INFORMATION SUPPLIED:
· · · ·

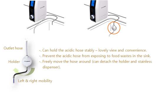 Change electrode polarity to opposite direction every time after use, thereby preventing the plating(coating) phenomenon at electrolytic cell in advance(alkaline water comes out upper dispenser always by use of flow direction auto-change system if electrode polarity changed).
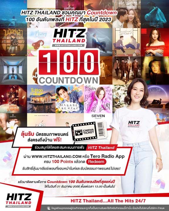 “ปกติโบรับหน้าที่รายงานเพลงฮิตของแต่ละสัปดาห์อยู่แล้วค่ะ เลยพอจะเดาได้ว่าเพลงไหนบ้าง ที่จะติดอยู่ใน HITZ 100 Countdown ประจำปีนี้ รับรองว่ามีแต่เพลงเพราะๆ ที่เราร้องตามกันได้แน่นอน อยากให้มาติดตามฟังและลุ้นไปพร้อมๆ กัน ในวันที่ 31 ธันวาคม ตั้งแต่เวลา 13.00 น. เป็นต้นไปนะคะ นอกจากนี้ ทุกคนยังสามารถลงทะเบียนร่วมสนุกเพื่อมาทายอันดับเพลงหน้าไมค์กับดีเจ และลุ้นรางวัลบัตรชมภาพยนตร์ได้ง่ายๆ เพียงแค่สะสมคะแนนการฟัง HITZ Thailand ผ่านทาง http://www.HITZThailand.com หรือ Tero Radio App แล้วใช้ 100 คะแนนกดรีดีมเพื่อลงทะเบียนได้เลยค่ะ ร่วมสนุกกันได้ถึงวันที่ 29 ธันวาคมนี้ เท่านั้นนะคะ” ติดตามฟัง 100 อันดับเพลงที่ฮิตที่สุดประจำปี 2566 ได้ตั้งแต่เวลา 13.00 น ของวันที่ 31 ธันวาคม 2566 ทาง HITZ Thailand หรือทาง Tero Radio App ดูรายละเอียดเพิ่มเติมได้ที่ http://www.HITZThailand.com
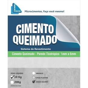 Cimento Queimado Parede Max Pisos Cinza Escuro 10kg Cimento Queimado Parede Tixotrópico Maxpisos Cinza Escuro 10kg produto em pó, ao adicionar água torna-se argamassa tixotrópica contendo cimento portland cargas minerais e aditivos. Fácil aplicação com simples rolo de pintura e alisar com desempenadeira de aço preferencia inox com cantos arredondados acabamento liso sem lixar alisado com desempenadeira efeito manchado do cimento industrial sem lixamento sem pó sem fissuras sem juntas ideal para aplicar em paredes, tetos, espelho de escada, banheiro, concreto, madeira, cerâmica, porcelanato, porcelanato líquido, epóxi. Uso interno e externo incluso 0,5kg Resina Multiúso acrílica acabamento fosco, acetinado e brilhante. + Corante Preto em Pó: 2un de 50g. Marca: Max Pisos
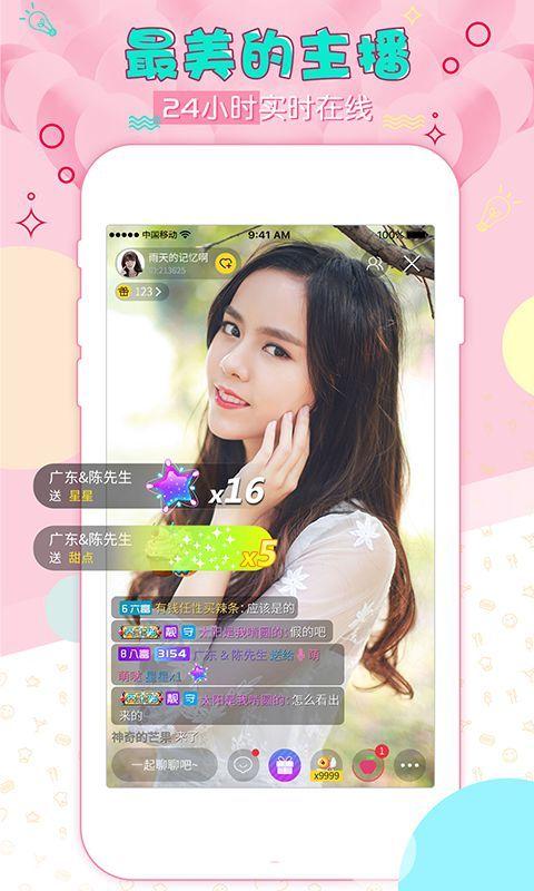 最新最炫酷的真人视频直播APP。这里有全网最高颜值的主播,等待你与TA们视频互动聊天;女神、萌妹、大叔、小鲜肉、总有一款是你的菜。同时,你也可以像主播们一样进行直播,用自己独特的亮点和有趣的技能吸引更多的人聚集在这里为你加油助威,点赞打赏;还可以分享到朋友圈,微博,微信邀请好友观看。尽情挥洒你的热情,绽放你的光芒。

· · · ·

PROBLEM REQUIREMENTS: The pictures are to be omitted, and the rest of the listing is to be transcribed exactly.

SOLUTION FOR THIS PROBLEM:
 Change electrode polarity to opposite direction every time after use, thereby preventing the plating(coating) phenomenon at electrolytic cell in advance(alkaline water comes out upper dispenser always by use of flow direction auto-change system if electrode polarity changed).
 “ปกติโบรับหน้าที่รายงานเพลงฮิตของแต่ละสัปดาห์อยู่แล้วค่ะ เลยพอจะเดาได้ว่าเพลงไหนบ้าง ที่จะติดอยู่ใน HITZ 100 Countdown ประจำปีนี้ รับรองว่ามีแต่เพลงเพราะๆ ที่เราร้องตามกันได้แน่นอน อยากให้มาติดตามฟังและลุ้นไปพร้อมๆ กัน ในวันที่ 31 ธันวาคม ตั้งแต่เวลา 13.00 น. เป็นต้นไปนะคะ นอกจากนี้ ทุกคนยังสามารถลงทะเบียนร่วมสนุกเพื่อมาทายอันดับเพลงหน้าไมค์กับดีเจ และลุ้นรางวัลบัตรชมภาพยนตร์ได้ง่ายๆ เพียงแค่สะสมคะแนนการฟัง HITZ Thailand ผ่านทาง http://www.HITZThailand.com หรือ Tero Radio App แล้วใช้ 100 คะแนนกดรีดีมเพื่อลงทะเบียนได้เลยค่ะ ร่วมสนุกกันได้ถึงวันที่ 29 ธันวาคมนี้ เท่านั้นนะคะ” ติดตามฟัง 100 อันดับเพลงที่ฮิตที่สุดประจำปี 2566 ได้ตั้งแต่เวลา 13.00 น ของวันที่ 31 ธันวาคม 2566 ทาง HITZ Thailand หรือทาง Tero Radio App ดูรายละเอียดเพิ่มเติมได้ที่ http://www.HITZThailand.com
 Cimento Queimado Parede Max Pisos Cinza Escuro 10kg Cimento Queimado Parede Tixotrópico Maxpisos Cinza Escuro 10kg produto em pó, ao adicionar água torna-se argamassa tixotrópica contendo cimento portland cargas minerais e aditivos. Fácil aplicação com simples rolo de pintura e alisar com desempenadeira de aço preferencia inox com cantos arredondados acabamento liso sem lixar alisado com desempenadeira efeito manchado do cimento industrial sem lixamento sem pó sem fissuras sem juntas ideal para aplicar em paredes, tetos, espelho de escada, banheiro, concreto, madeira, cerâmica, porcelanato, porcelanato líquido, epóxi. Uso interno e externo incluso 0,5kg Resina Multiúso acrílica acabamento fosco, acetinado e brilhante. + Corante Preto em Pó: 2un de 50g. Marca: Max Pisos
 最新最炫酷的真人视频直播APP。这里有全网最高颜值的主播,等待你与TA们视频互动聊天;女神、萌妹、大叔、小鲜肉、总有一款是你的菜。同时,你也可以像主播们一样进行直播,用自己独特的亮点和有趣的技能吸引更多的人聚集在这里为你加油助威,点赞打赏;还可以分享到朋友圈,微博,微信邀请好友观看。尽情挥洒你的热情,绽放你的光芒。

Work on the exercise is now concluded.